Climate change is not news, therefore children cannot exclusively rely on traditional forms of multimedia mouthpieces like the radio, television and print in order to understand the problem that climate change is. Furthermore, teachers don’t have the materials and tools to facilitate teaching of climate change to children for the appropriate acquisition of skills needed to make them climate compliant.

A wide range of climate compliant activities range from conservation agriculture, rain-water harvesting, earth building, how to reduce carbon footprints, realising food security, dramatising climate scenarios unfolding in their communities, biodiversity and water conservation, organic agriculture among others. Children also need to sing songs that discourage people from harming the environment, cause land degradation and deforestation and also use stories that help to align them with nature, stories that name and shame behaviours that contribute to the destruction of the environment.

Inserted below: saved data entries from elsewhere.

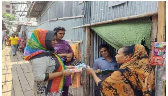
প্রকল্পের জরিপ কার্যক্রম

প্রকল্পের শুরুতেই আমরা আমাদের নির্ধারিত কর্ম এলাকা ঢাকা উত্তর সিটি কর্পোরেশনের আওতায় মিরপুরে জরিপ কাজ সম্পন্ন করি। এখানে উল্লেখ্য যে আমরা পরপর ২টি জরিপ (সার্ভে) করি। একটি সার্ভের মাধ্যমে আমরা কিছু মানদণ্ড বা নির্ণায়ক মেনে দিনে রাতে ঘুরে ঘুরে বেনিফিসিয়ারিজ নির্বাচন করি। নির্বাচনের মাধ্যমে তাঁদেরকে বেনিফিসিয়ারিজ হিসাবে তালিকাভুক্ত করা হয়েছে। আরেকটি বেইজ লাইন সার্ভে করি। বেইজ লাইন সার্ভের মাধ্যমে তাদের বর্তমান আর্থিক ও সামাজিক অবস্থান লিপিবদ্ধ করে রাখা হয়। যাতে পরবর্তীতে তাদের অবস্থার পরিবর্তন অতি সহজেই পরিমাপ করা যায়। সার্ভের মাধ্যমে ২৭৫১ পথবাসী, বুপড়ীবাসী এবং অনুল্লত বস্তিবাসী পরিবার তালিকাভুক্ত করা হয়। কার্যক্রম বাস্তবায়নের সুবিধার্থে ২,৫০০ পরিবারকে ১৭টি ক্লাস্টারে বিভক্ত করা হয়। একেকটি ক্লাস্টারে ১ম বৎসরের জন্য ৬০টি করে পরিবার মোট ১০২০ পরিবার তালিকাভুক্ত করা হয়েছে এবং পরিকল্পনা অনুযায়ী কার্যক্রম বাস্তবায়ন করা হচ্ছে।
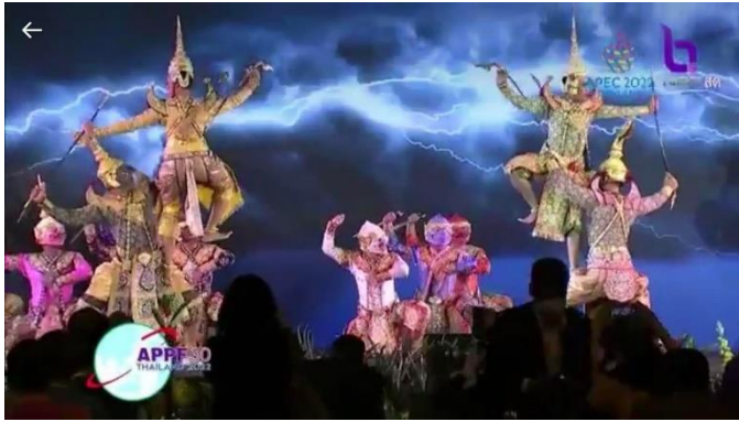
ภาพการแสดงวันที่ 26 ตุลาคม 2566 ณ ห้อง Convention Hall ชั้น B2 อาคารรัฐสภา
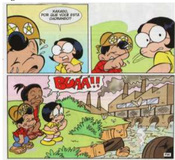
Figura 05: Tirinha da Turma do Xaxado
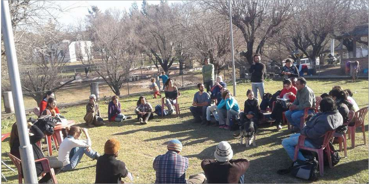
Figura 9. Asamblea de Ancasti por la Vida con el intendente, dando explicaciones (2017).

de la defensa territorial. En este proceso se vincula la arqueología indisciplinada que, dejándose llevar por las conversaciones locales, sale de la prisión espaciotemporal, rompe con el tiempo vectorial y propone (en asamblea) un contratiempo (Figuras 9 y 10).
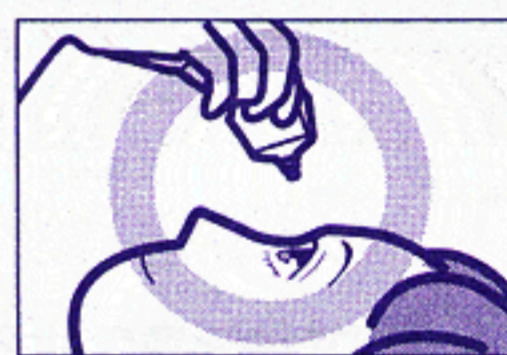
容器の先を下に向けて点眼
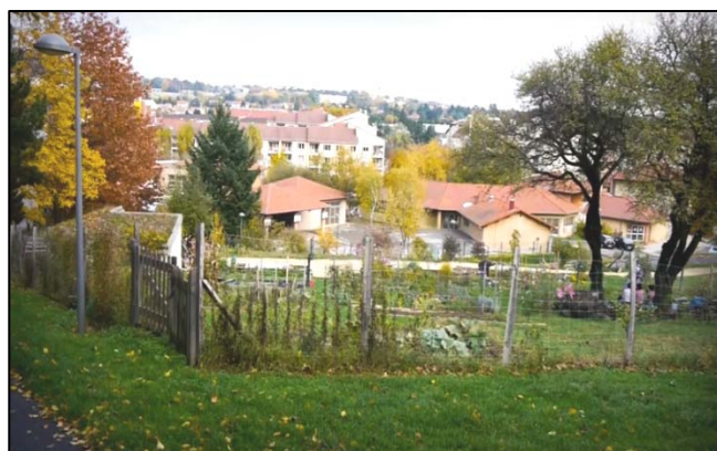
Jardin et quartier des Barolles

Aidés au départ par le centre social et l'association « Pass Jardins », les habitants usagers ont ensuite créé l'association « Pause-Jardin » et prennent largement en charge la gestion et l'animation du site, qui est ouvert à tous les habitants du quartier. En 2011, en plus des cotisations, l'association a réalisé des interventions et animations qui ont été rémunérées à hauteur de 450 euros.
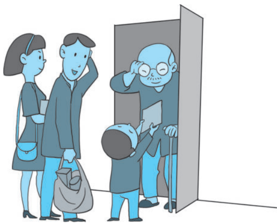
图 1-2 上门拜访送礼

招待客人时不能怠慢，每个客人都要招呼周全。和客人聊天，不谈悲哀事、伤心事；不去质疑对方；不要随便否定对方感兴趣的问题。
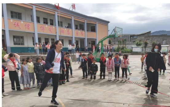
探访时月捐人与学生互动

2021 年第二季度，加油未来项目组织了 2 次 5 场探访活动，覆盖全国各地的 60 余名月捐人；第三季度加油未来项目联合 JK 公益计划、中食安泓爱心公益基金到会泽县者海镇发启小学开展探访活动。
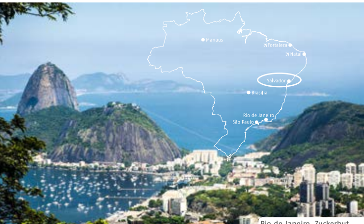
Rio de Janeiro, Zuckerhut
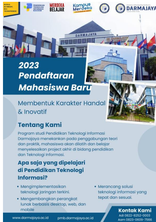
Gambar 4.2 Poster Promosi
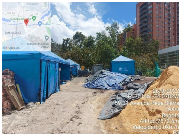
Fotografía 50. Intervención denominada campamento 2.
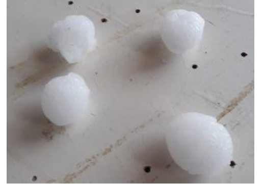
Sungurlu'da sel ve dolu, yerleşim yerlerinde ve tarım arazilerinde maddi hasara neden oldu.

Sungurlu'da sel ve dolu büyük hasara yol açtı

Children can also use art and cultural celebrations as part of alternative in climate change education. These can also be integrated with video competitions where children share experiences, projects and compete.

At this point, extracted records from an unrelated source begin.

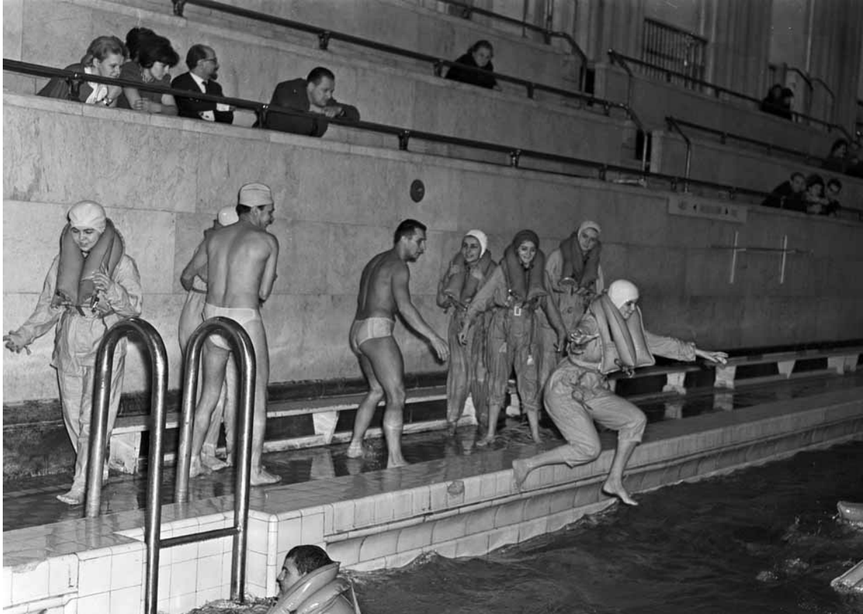
[A] Szkolenie stewardes w zakresie ratowania pasażerów, które przeprowadzono na pływalni w Pałacu Kultury i Nauki. 1966 rok
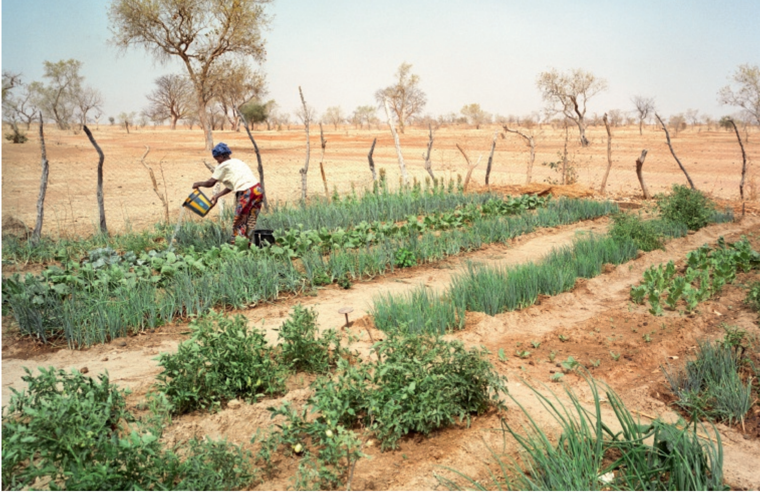
Der Klimawandel verlangt von Frauen immer mehr Geduld, um der Wüste Gemüse abzutrotzen. Aber der Aufwand sichert die Ernährung der ganzen Familie.
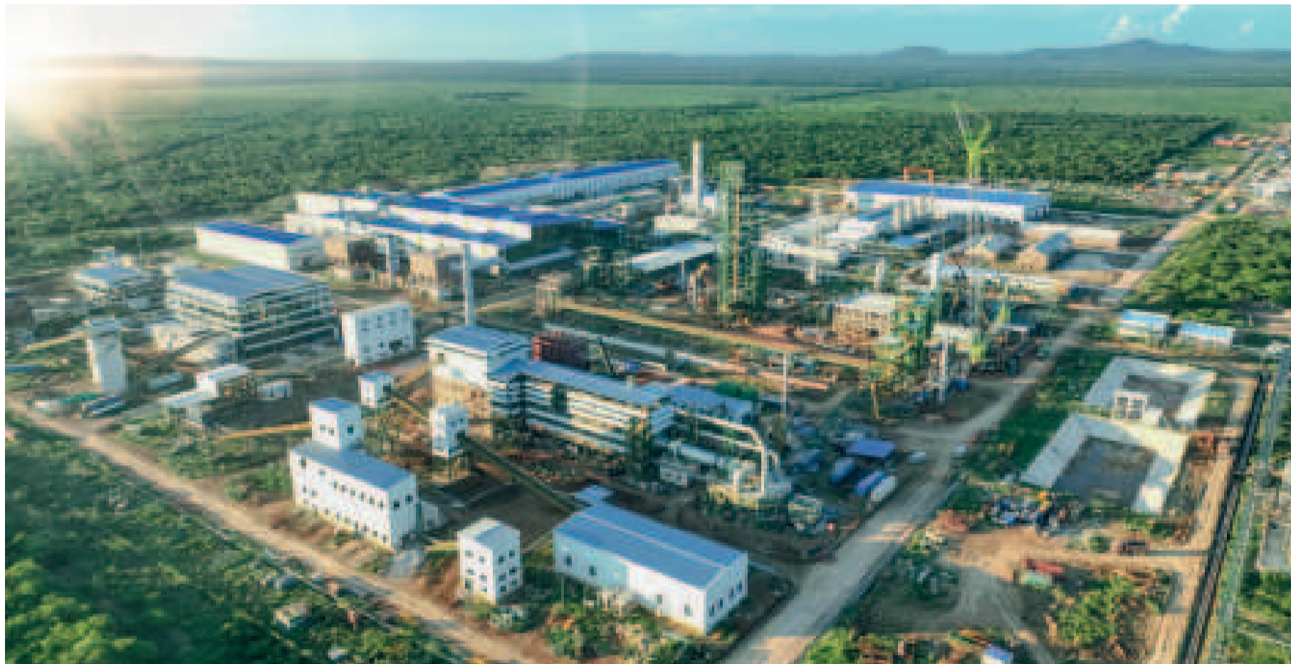
Vista aérea del Complejo Siderúrgico del Mutún, ubicado en Puerto Suárez, Santa Cruz.

Children can also practise environmental stewardship through family and religious studies or learn mathematics using environmental games for addition, subtraction and multiplication, including games that facilitate the teaching of science, technology, engineering and mathematics. Games that promote environmental sustainability have the greatest potential to educate, inform and inspire children to appreciate their environment, leading to their comprehensive participation in community building. This is a fundamental paradigm shift in nurturing nature growth and sustainable futures.

Education is another tool that moulds children’s perspectives as well as the ways they value and interact with their surroundings, together with coming up with eco-solutions that influence strategic adaptation activities. Therefore, it is the aim of environmental games to situate the children at the centre of environmental sustainability, yesterday, today and tomorrow. The sustainability mind-set needs to be nurtured, empowered and groomed through play. Through an element of play, children develop the physical and motor skills, correlated to a healthy body and healthy mind. For young children, the environment becomes an extension of their everyday world.

Environmental ethics and sustainable development should be at the centre of the children’s learning so that from the onset, they are aware of the evils that constitute environmental or climate injustices. Children are required to have knowledge of how to interact with natural landscapes, resources, organisms, including the teaching of high level moral philosophy, important for moral responsibility towards the natural environment.

It is also important that natural resources must be used in ways that produce  balanced ecosystems. This is important for future generations, hence the children and the youths are the future.